«Начистоту, господин штабс-капитан…»
– Чем, говорите, не угодила?
Валентин вкусно жевал, глядел весело, прямо, в упор. После выпитого и съеденного широкое, мясистое лицо его замасленело, засияло.
– Тем же, чем и вам, смею предположить.
– Но позвольте…
– Да чего ж – «позвольте»? – откровенно уже рассмеялся Валентин. – Это вы губошлепу Шишлянникову баки забивайте, как хотите, а со мной, уважаемый, скрытничать нечего. Одной, знаете ли, платформы придерживаемся.
Пополоскав в стакане, отложил кисточку Соколов.
– И все же, – сказал строго, – простите, не понимаю. Ваши намеки…
– Ах, намеки!
Валентин покивал кудрявой головой, широко расставив колени, крепко уперся в них растопыренными пятернями.

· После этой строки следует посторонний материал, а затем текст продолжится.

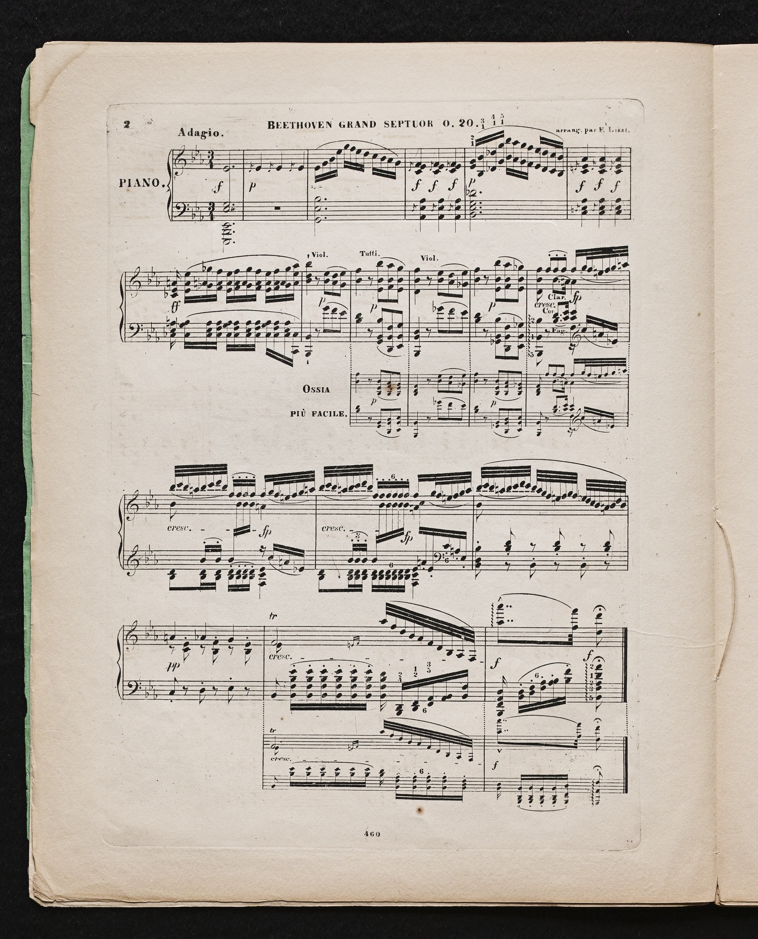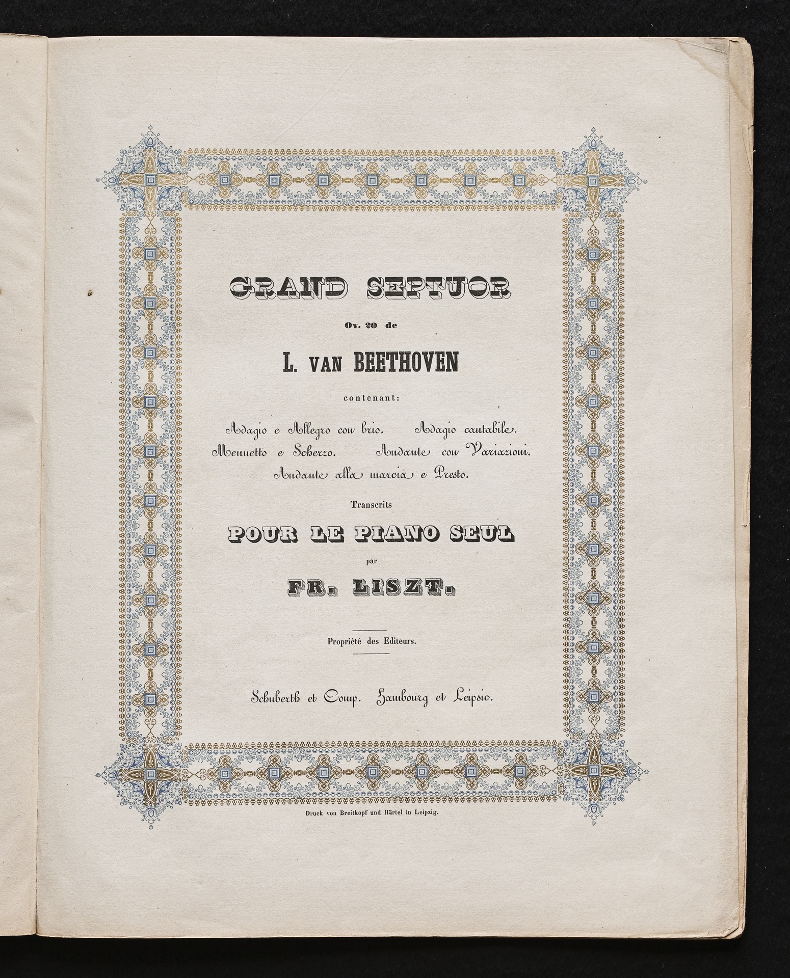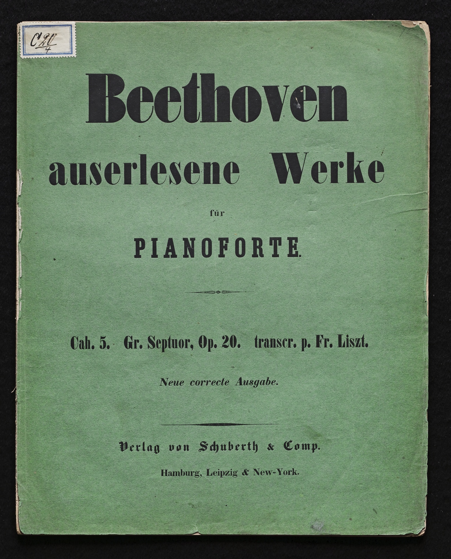 Ludwig van Beethoven, Septett für Violine, Viola, Klarinette, Horn, Fagott, Violoncello, Kontrabass (Es-Dur) op. 20, Bearbeitung für Klavier von Franz Liszt, Schuberth, 460-464

Щурился голубой глазок в усмешке, круглилась румяная щека, трепетали золотистые колечки тонких франтовских усиков.
– Намеки! – ласково повторил он. – Ну что ж, – вздохнул притворно-грустно, – давайте без намеков, давайте начистоту, так сказать, господин штабс-капитан… Раз, что папаша мой с дядюшкой вашим Виктором Маркелычем переписываются довольно регулярно, и вашего еще и духу не было в Комарихе, а мы уже знали, что приедете… И второе: самолично видел я, Анатолий Федорыч, как вы под ясенем сверточек хоронили… и уж, простите, не утерпел, полюбопытствовал, что же оно такое в сверточке-то… Нуте-с? Вот вам, как вы и желали, без намеков. Теперь, надо полагать, все ясно?
Деревня
Тучи – сизые, серые, с беловатыми краями – несущие снег.
Хаты надвинули на лбы соломенные, камышовые капелюхи. Крохотными, но зоркими оконцами глядят исподлобья, недоверчиво – в степь, на дорогу, любопытствуют: кто прошел, кто проехал… И дым из труб, прибиваемый ветром книзу, серый, седой бородой ложится по белому пухлому снегу.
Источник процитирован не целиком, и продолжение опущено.